The process of double J/ψ production at the Electron-Positron Collider serves as an ideal platform for investigating both perturbative and non-perturbative effects in Quantum Chromodynamics (QCD). Over the past two decades, it has been a focal point in QCD research. The process е+е-→j/ψ+j/ψ, despite possessing a highly clean experimental signal has not been detected to date. In 2008, researchers Gong Bin and Wang Jianxiong from the Institute of High Energy Physics calculated the next-to-leading-order QCD corrections for this process and discovered a significant negative correction at the single-loop level.
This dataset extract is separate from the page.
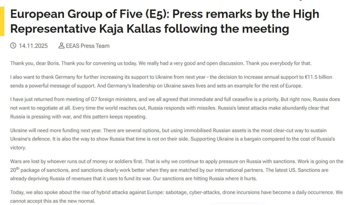 Евросоюз ведет работу над 20-м пакетом антироссийских санкций, сообщила представитель ЕС по иностранным делам Кая Каллас, после встречи с министром обороны Германии Писториусом в Берлине. Она в очередной раз призвала к конфискации замороженных активов. "Войны проигрывает тот, у кого первым заканчиваются деньги или солдаты. Именно поэтому мы продолжаем оказывать давление на Россию санкциями", - заявила Каллас.
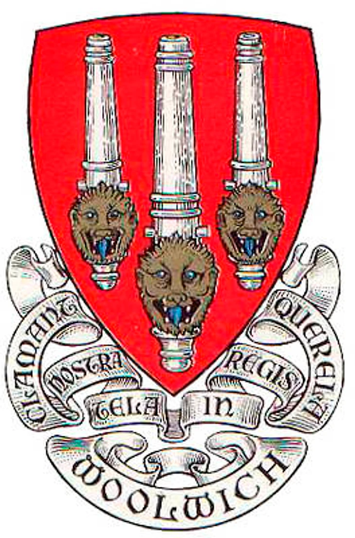 Эмблема была основана на гербе Вулвича, но отличалась наличием лавровых листьев и другим расположением текста в ленточках. На логотипе были изображены те же три пушки с головами львов и точно такой же латинский девиз: «CLAMANT NOSTRA TELA IN REGIS QUERELA».

This finding has been considered a partial explanation for the lack of experimental detection of this process.

Through careful analysis, the authors identified that the high-order Feynman diagrams for double J/ψ production through independent two-photon fragmentation are the main cause of the non-convergence of perturbation theory. Therefore, they proposed an improvement plan to decompose the perturbative fixed-order diagrams into fragmentation and non-fragmentation parts in a gauge-invariant way. For the fragmentation part, they used the experimentally precisely measured J/ψ lepton decay width as input, which is equivalent to re-summing all high-order corrections corresponding to the fragmentation part, effectively avoiding the non-convergence of the perturbative expansion. The contribution of the non-fragmentation part can be obtained through the traditional NRQCD factorization scheme. The study showed that the perturbative convergence of the optimized NRQCD predictions becomes very good. In the end, the authors provided the most accurate predictions for the J/ψ distribution and total cross-section to date. This theoretical research suggests that there is a promising possibility of observing this process in the future Super B Factories.